» WORK ITEM: What lines below hold the string "Цвет"? Copy them all.

» DATASET RECORDS:

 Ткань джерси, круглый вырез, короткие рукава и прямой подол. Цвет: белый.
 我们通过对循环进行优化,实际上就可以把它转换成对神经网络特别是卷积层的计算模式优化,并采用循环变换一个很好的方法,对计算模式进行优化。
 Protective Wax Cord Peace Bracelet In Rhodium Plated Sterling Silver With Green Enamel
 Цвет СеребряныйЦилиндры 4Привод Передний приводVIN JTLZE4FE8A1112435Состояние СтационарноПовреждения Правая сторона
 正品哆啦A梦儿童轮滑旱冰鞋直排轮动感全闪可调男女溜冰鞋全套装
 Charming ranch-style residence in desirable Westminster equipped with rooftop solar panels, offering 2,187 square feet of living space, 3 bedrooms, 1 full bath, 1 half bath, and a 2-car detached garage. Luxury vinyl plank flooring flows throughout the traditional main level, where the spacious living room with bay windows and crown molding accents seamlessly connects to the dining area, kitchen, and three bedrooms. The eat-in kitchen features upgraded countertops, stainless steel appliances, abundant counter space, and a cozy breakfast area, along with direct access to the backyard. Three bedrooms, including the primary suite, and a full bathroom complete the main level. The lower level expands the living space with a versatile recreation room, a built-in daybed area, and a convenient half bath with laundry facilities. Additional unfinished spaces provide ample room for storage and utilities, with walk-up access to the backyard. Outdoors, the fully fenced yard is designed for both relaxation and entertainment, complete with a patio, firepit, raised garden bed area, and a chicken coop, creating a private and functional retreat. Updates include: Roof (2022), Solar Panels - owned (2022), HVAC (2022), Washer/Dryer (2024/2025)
...
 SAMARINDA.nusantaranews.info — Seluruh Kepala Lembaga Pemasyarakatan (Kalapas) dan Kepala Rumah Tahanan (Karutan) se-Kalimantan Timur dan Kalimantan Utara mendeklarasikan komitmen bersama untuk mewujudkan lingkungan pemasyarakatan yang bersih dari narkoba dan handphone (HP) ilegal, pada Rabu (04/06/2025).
==
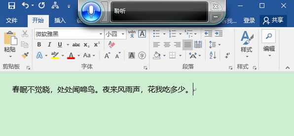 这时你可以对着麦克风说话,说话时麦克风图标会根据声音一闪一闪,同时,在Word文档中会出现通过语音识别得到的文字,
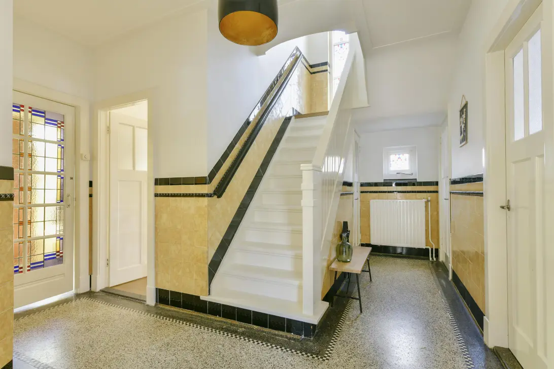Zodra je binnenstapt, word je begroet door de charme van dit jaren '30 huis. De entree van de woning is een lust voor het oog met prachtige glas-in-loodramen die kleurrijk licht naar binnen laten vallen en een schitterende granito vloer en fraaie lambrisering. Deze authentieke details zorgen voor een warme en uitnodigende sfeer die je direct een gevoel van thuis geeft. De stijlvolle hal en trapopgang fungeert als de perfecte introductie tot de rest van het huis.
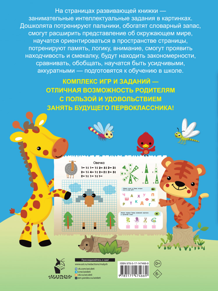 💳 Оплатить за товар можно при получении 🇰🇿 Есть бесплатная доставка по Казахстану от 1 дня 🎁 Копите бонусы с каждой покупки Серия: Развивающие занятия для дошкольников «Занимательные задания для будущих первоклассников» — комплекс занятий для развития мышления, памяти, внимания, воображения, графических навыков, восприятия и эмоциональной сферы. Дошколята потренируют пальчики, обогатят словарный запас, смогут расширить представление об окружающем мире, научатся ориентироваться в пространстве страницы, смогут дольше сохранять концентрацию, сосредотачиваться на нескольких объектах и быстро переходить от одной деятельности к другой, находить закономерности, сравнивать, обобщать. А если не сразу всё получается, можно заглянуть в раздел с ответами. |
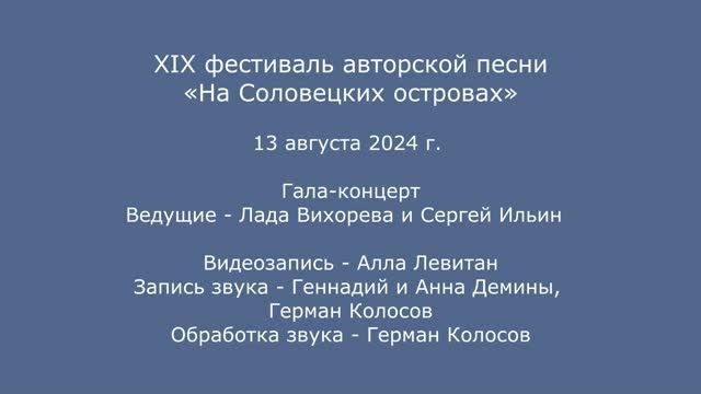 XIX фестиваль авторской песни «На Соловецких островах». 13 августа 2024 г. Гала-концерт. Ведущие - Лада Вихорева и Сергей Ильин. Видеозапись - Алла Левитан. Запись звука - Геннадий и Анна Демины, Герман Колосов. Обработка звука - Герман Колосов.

» SOLUTION FOR THIS EXERCISE:
 Ткань джерси, круглый вырез, короткие рукава и прямой подол. Цвет: белый.
 Цвет СеребряныйЦилиндры 4Привод Передний приводVIN JTLZE4FE8A1112435Состояние СтационарноПовреждения Правая сторона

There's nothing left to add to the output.